Fadestar watched as Foxtail gave a nod to show her continued attention before she moved to set up the drying racks for their silks. In response, she stepped out of the way and picked up her stick to begin the retrieval. “But this is the Now and it’s precious. I never got to go exploring before. This is my chance.”
“And make the Now bigger than it was before?”

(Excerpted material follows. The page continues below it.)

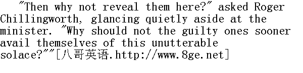 那么,何必不及时说出来呢?"罗杰·齐灵渥斯平静地斜睨着牧师说。"有负罪感的人为什么不尽早地让自己获得这种难言的慰藉呢?" "They mostly do," said the clergyman, griping hard at his breast, as if afflicted with an importunate throb of pain. "Many, many a poor soul hath given its confidence to me, not only on the deathbed, but while strong in life, and fair in reputation. And ever, after such an outpouring, oh, what a relief have I witnessed in those sinful brethren! even as in one who at last draws free air, after long stifling with his own polluted breath. How can it be otherwise? Why should a wretched man, guilty, we will say, of murder, prefer to keep the dead corpse buried in his own heart, rather than fling it forth at once, and let the universe take care of it?""Yet some men bury their secrets thus," observed the calm physician." 他们大多能这么做,"牧师一边说着,一边紧紧捂住自己的心口,象是有揪心的疼痛纠缠着他。"许许多多可怜的灵魂向我作过仟悔,不仅是在生命弥留的病倔上,而且也在精力旺盛、名声良好的时刻。何况,我还亲眼看到,在作了这样一番倾诉之后,那些负罪的兄弟们有多么轻松!就象是被自己污浊的呼吸长时间窒息之后,终于吸进了自由的空气。还能是别的情况吗?一个倒霉的人,比如说犯了谋杀罪吧,怎么可能宁愿把死尸埋在自己心中,而不肯把尸体马上抛出去,听凭世界去安排呢!""然而,有些人就是这样埋葬着自己的秘密的,"那安详的医生评论着。 "True; there are such men," answered Mr. Dimmesdale. "But, not to suggest more obvious reasons, it may be that they are kept silent by the very constitution of their nature. Or- can we not suppose it?- guilty as they may be, retaining, nevertheless, a zeal for God's glory and man's welfare, they shrink from displaying themselves black and filthy in the view of men; because, thenceforward, no good can be achieved by them; no evil of the past be redeemed by better service. So, to their own unutterable torment, they go about among their fellow-creatures, looking pure as new-fallen snow; while their hearts are all speckled and spotted with iniquity of which they cannot rid themselves."" 确实;有这种人,"丁梅斯代尔先生回答说。"不过,不必去设想更加明显的原因,我们就可以说,他们之所以缄口不言,正是出于他们的本性。或者--我们能不能这样假设呢?--他们尽管有着负罪感,然而却保持着对上帝的荣光和人类的福扯的热情,他们畏畏缩缩,不肯把自己的阴暗和污秽展现在人们眼前;因为,如此这般一来,是做不出任何善举的,而且,以往的邪恶也无法通过改过来赎罪。于是,他们默默忍受着难言曲折磨,在同伴中走来走去,表面象新落下的雪一般地纯洁,而内心却沾满了无法洗刷的斑痕。" "These men deceive themselves," said Roger Chillingworth, with somewhat more emphasis than usual, and making a slight gesture with his forefinger. "They fear to take up the shame that rightfully belongs to them. Their love for man, their zeal for God's service- these holy impulses may or may not coexist in their hearts with the evil inmates to which their guilt has unbarred the door, and which must needs propagate a hellish breed within them. But, if they seek to glorify God, let them not lift heavenward their unclean hands! If they would serve their fellow-men, let them do it by making manifest the power and reality of conscience, in constraining them to penitential self-abasement! Wouldst thou have me to believe, O wise and pious friend, that a false show can be better- can be more for God's glory, or man's welfare- than God's own truth? Trust me, such men deceive themselves!"" 这些人在自欺,"罗杰·齐灵渥斯用异乎寻常的强调口吻说,还伸出食指轻轻比了一下。"他们不敢于接受理应属于他们自己的耻辱。他们对人类的爱,他们为上帝服务的热忱--这种种神圣的冲动在他们的内心中,或者可以或者无法同邪恶的伙伴同处共存,然而这些邪恶的伙伴既是他们的罪孽开门放进来的,就必然会在他们心中繁衍起一个魔鬼的种籽。不过,要是他们追求为上帝增辉添光,那就不要把肮脏的双手朝天举起吧!要是他们想为同伴们服务,那就先强制自己仟悔他们的卑下,以表明良心的力量和存在吧!噢,明智和虔诚的朋友,你难道让我相信,虚伪的表现比起上帝自己的真理能够对上帝的荣光和人类的福扯更有好处吗?相信我吧,这种人是在自欺!" "It may be so," said the young clergyman, indifferently, as waiving a discussion that he considered irrelevant or unseasonable. He had a ready faculty, indeed, of escaping from any topic that agitated his too sensitive and nervous temperament. "But, now, I would ask of my well-skilled physician, whether, in good sooth, he deems me to have profited by his kindly care of this weak frame of mine?"" 可能是这样的,"年轻的牧师谈淡地说,象是放弃了这个他认为不相干和没道理的讨论。的确,他总有一种本领,能够随时摆脱使他那过于敏感和神经质的气质激动起来的任何话题。"不过,目前嘛,我例要向我的技艺高超的医生讨教一下,他对我的赢弱的体格的好心关照,是否当真叫我获益了呢?"

Surprised at the quick summary of her thoughts, Fadestar looked at Foxtail who rewarded her with a flashing of sharp, white teeth in a wicked grin. “I understand that. It makes more sense to me, anyway, than wanting to go out alone for moons and moons. Nobody likes to be bored and roped up. Even if they think they do. It’s just the wolf in us, I guess.” She held out a hand for the dyed strands Fadestar pulled from the buckets. Laughter lurked around the corners of her mouth. “Don’t look so shocked. I had some time of my own to think about being stuck and alone some turns ago. Didn’t like it one bit and don’t plan on ever doing it again.” With that, she neatly snatched at the heavy wet strands and turned back to lay them over the drying racks.
Fadestar found herself blinking at the other elf maiden’s back once more but the moment of shock passed faster this time and she laughed at both of them. “Just as well, Foxtail,” she replied with more giggles. “I can’t see you straying too far from Notch, anyway.”

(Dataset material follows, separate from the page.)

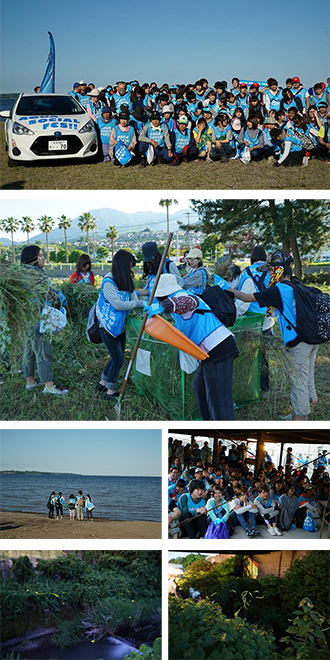 6月6日(土)、ウミガメの来る関の江海岸・ほたるの出る冷川を清掃しました。本学学生50名以上が参加しました。別府市の冷川は温泉水が流れ込まないので水温がほたるの生育に適し多くのほたるがいました。水質の汚染・人家の増加などによって減少、地元の人々の手によって次第に回復しつつあります。清掃をお手伝い、ほたるについての講演を聴きました。この日は多くのほたるが飛びみんなで楽しみました。
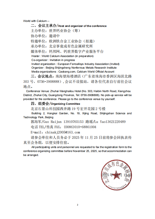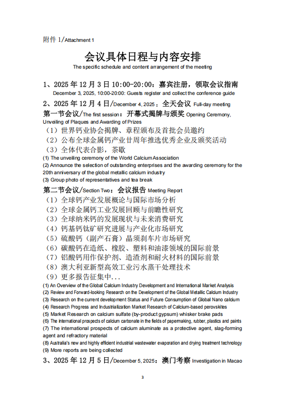 So, it has been decided to hold the "First World Calcium Industry Conference" in Zhuhai from December 2nd to 5th, 2025. The specific matters are hereby explained as follows.

“Hey! That’s not fair.” With her own rush of laughter, Foxtail spread the rest of the strands out and then launched herself at the smaller elf. They tumbled to the ground in a flailing tangle of limbs but the giggles continued unabated even as the redhead soon rolled to ascendancy atop the darker elf. She grinned down at her conquered tribemate. “Consider it my good deed for the tribe, sticking around. You know he would pine without me.”
The whopper of a lie brought out more laughter and Foxtail slipped onto the grass beside Fadestar, both elves looking skywards as they regained their breath.
Finally… “Alright, well, if that’s what you’re going to do, I guess I’ll have to spend more time in the Craft Tree.”
Fadestar turned her head to look at Foxtail with some surprise. “You don’t have to. There’s Dreamflight and Nightstorm, too.”
“No, I’ll do it.” Foxtail smiled. “Just remember to pick up anything interesting you find on the way to bring back and show me, alright?”
“... Alright.” Fadestar smiled and relaxed back into the soft grass. “Alright, I think that works.”
Maybe she had even more people to come home to than she thought.